Nephronophthisis 4
A number sign (#) is used with this entry because of evidence that nephronophthisis-4 (NPHP4) is caused by homozygous or compound heterozygous mutation in the NPHP4 gene (607215) on chromosome 1p36.
For a general phenotypic description and a discussion of genetic heterogeneity of nephronophthisis, see NPHP1 (256100).
Clinical FeaturesThree loci had been mapped for nephronophthisis, the leading genetic cause of chronic renal failure in young adults: juvenile NPHP1 (256100) on 2q13; infantile nephronophthisis (NPHP2; 602088) on 9q22-q31; and adolescent nephronophthisis (NPHP3; 604387) on 3q21-q22. By renal histology the 3 forms of the disease are indistinguishable, all 3 exhibiting a triad of interstitial-cell infiltrates, renal tubular-cell atrophy with cysts arising from the corticomedullary junction of the kidneys, and renal interstitial fibrosis (Waldherr et al., 1982). Clinically, there is a statistically different age at onset at end-stage renal disease: terminal renal failure develops at median ages of 1 year, 13 years, and 19 years, in NPHP2, NPHP1, and NPHP3, respectively (Omran et al., 2000). In the patients studied by Schuermann et al. (2002), who reported the chromosomal localization of a fourth gene locus, NPHP4, end-stage renal disease commenced within a wide age range, 11 to 34 years.
MappingSchuermann et al. (2002) reported the chromosomal localization of a fourth locus for nephronophthisis, NPHP4. The 7 families studied by Schuermann et al. (2002) were part of 61 multiplex families with NPHP, ascertained worldwide during the previous 10 years. In 26 of them, NPHP1 was excluded on the basis of either absence of mutations in the NPHP1 gene or lack of linkage to this locus. After exclusion both of families with extrarenal symptoms and of families compatible with linkage to either NPHP2 or NPHP3, 7 multiplex families remained. A total-genome search for linkage was performed in these 7 families. One family was excluded on the basis of mutation in the paracellin-1 gene (PCLN1; 603959), indicating that this family in fact suffered from primary hypomagnesemia with hypercalciuria and nephrocalcinosis (248250). By high-resolution haplotyping in the remaining 6 families, Schuermann et al. (2002) detected a 1p36 interval compatible with linkage in all. In one family 2 markers were found to be homozygous in affected individuals. Homozygosity by descent was established by the finding. On both the paternal and the maternal sides, they identified an ancestor with a rare surname that occurred only 96 times among 40 million entries in the German online telephone registry. The fact that both the paternal and the maternal ancestors came from a small township facilitated the tracing of the postulated consanguinity loop. They identified a common ancestor born in 1677. On the basis of consanguinity by descent, the lod score for this family (F30) alone was 5.8 at recombination fraction zero for marker D1S253. The existence of shorter loops of consanguinity, however, could not be excluded in this kindred.

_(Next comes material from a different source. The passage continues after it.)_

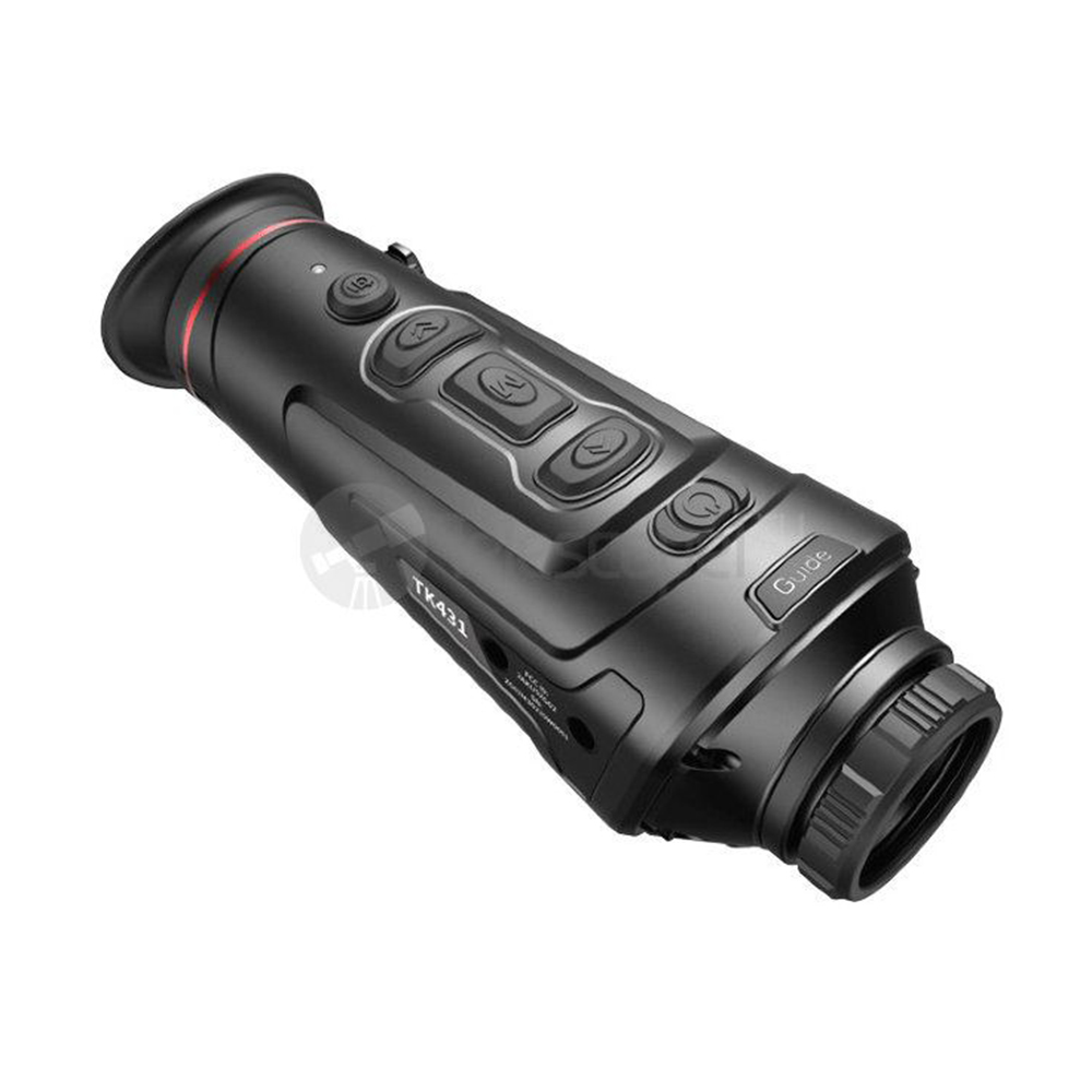 Прочная, эргономичная и водонепроницаемая конструкция. Прибор рассчитан на эксплуатацию в различных погодных / походных условиях: работает на морозе (до -10 °C) и в жару (до +50 °C), не боится пыли, дождя, снега и мокрой травы (IP66) и выдержит падение в сугроб или на мягкий песок с высоты до 1 м. Компактный и лёгкий, тепловизор-монокуляр Guide TK431 спокойно умещается в одной руке, а выпуклые кнопки управления одинаково подходят как для правши, так и для левши и удобны для управления прибором даже в перчатках. Длительные наблюдения можно будет вести со штатива (есть штативное гнездо 1⁄4″), а для комфортной переноски использовать любой из двух ремешков — наплечный или на запястье.

The association of nephronophthisis with autosomal recessive retinitis pigmentosa identifies the Senior-Loken syndrome (266900). Schuermann et al. (2002) found that a locus for Senior-Loken syndrome maps to the NPHP4 region on 1p36 (see 606996).
Molecular GeneticsTo narrow the location of the NPHP4 gene, Mollet et al. (2002) carried out haplotype analysis of families with nephronophthisis that did not show linkage to NPHP1, NPHP2, or NPHP3, using markers covering the 1p36 region. This allowed them localize the NPHP4 gene within a 1-cM interval between D1S2795 and D1S2870, which contained 6 genes. They identified 5 mutations in 1 of these genes, designated NPHP4, in unrelated individuals with nephronophthisis; see 607215.0001-607215.0005.